Credit: Shutterstock
Google’s Threat Intelligence Group has discovered that state-sponsored hackers from North Korea, Iran, and China are now using artificial intelligence to enhance their cyberattack operations. The findings reveal a significant shift in the cybersecurity landscape, where adversaries are moving beyond simple productivity gains to develop sophisticated AI-enabled threats.
Revolutionary Self-Modifying Malware Discovered
Researchers have identified two new malware strains, PromptFlux and PromptSteal, that use large language models to change their behavior mid-attack. PromptFlux works by querying Google’s Gemini AI to request code obfuscation and evasion techniques, essentially rewriting itself to avoid detection. One version even instructs the AI to rewrite the malware’s entire source code every hour, making it nearly impossible for traditional security tools to catch.

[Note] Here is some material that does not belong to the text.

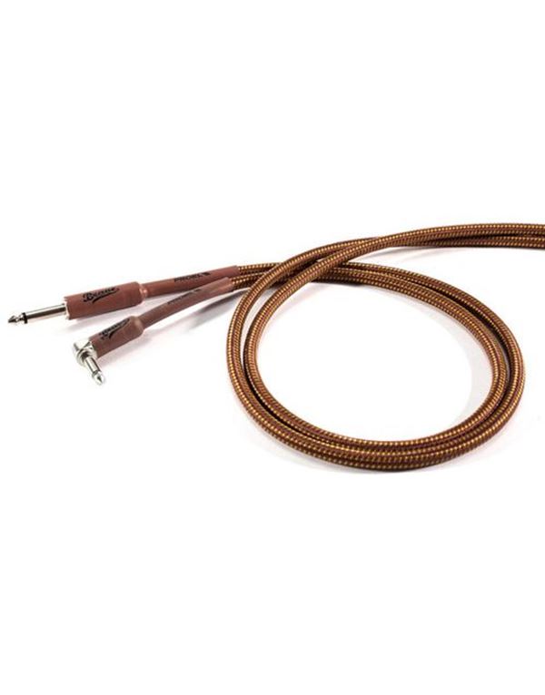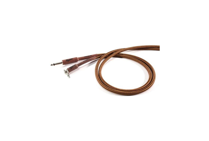 Καλώδιο από ένα ίσιο καρφί 6.3mm mono αρσενικό σε ένα γωνιακό καρφί 6.3mm mono αρσενικό 5m, ύφασμα καφέ με κίτρινο

Meanwhile, Russian military hackers have used PromptSteal in cyberattacks against Ukrainian targets. This marks the first time security experts have seen malware actively using AI during execution to adapt and evade detection systems.
How State-Sponsored Hackers Are Using AI
The report shows government-backed attackers are using AI tools throughout multiple phases of the attack cycle, including coding tasks, payload development, gathering information about targets, researching vulnerabilities, and enabling post-attack activities like defense evasion.
Iranian hackers emerged as the heaviest users of Gemini AI, with one group accounting for more than 30% of total usage by Iranian threat actors. They leveraged the technology for crafting phishing campaigns and conducting reconnaissance on defense experts and organizations.
Chinese state-sponsored hackers used the AI assistant for reconnaissance, troubleshooting code, and researching post-exploitation activities such as lateral movement and privilege escalation. North Korean hackers employed it to research potential infrastructure, develop payloads, and even draft cover letters for placing clandestine IT workers in Western tech companies.
Underground AI Tools Market Flourishes
Bad actors are also accessing underground digital markets that offer sophisticated AI tools for phishing, malware creation, and vulnerability research. The underground cybercrime market for AI tools has evolved significantly, with numerous offerings of multifunctional tools designed to support all attack phases.
What This Means for Cybersecurity
Despite these concerning developments, Google emphasized that threat actors are primarily finding productivity gains rather than developing breakthrough capabilities. However, security experts warn that as AI technology continues advancing, these experimental techniques could evolve into more dangerous and effective attack methods. Google has committed to continuously improving its AI models to make them less susceptible to misuse and is actively deploying defenses to counter these threats.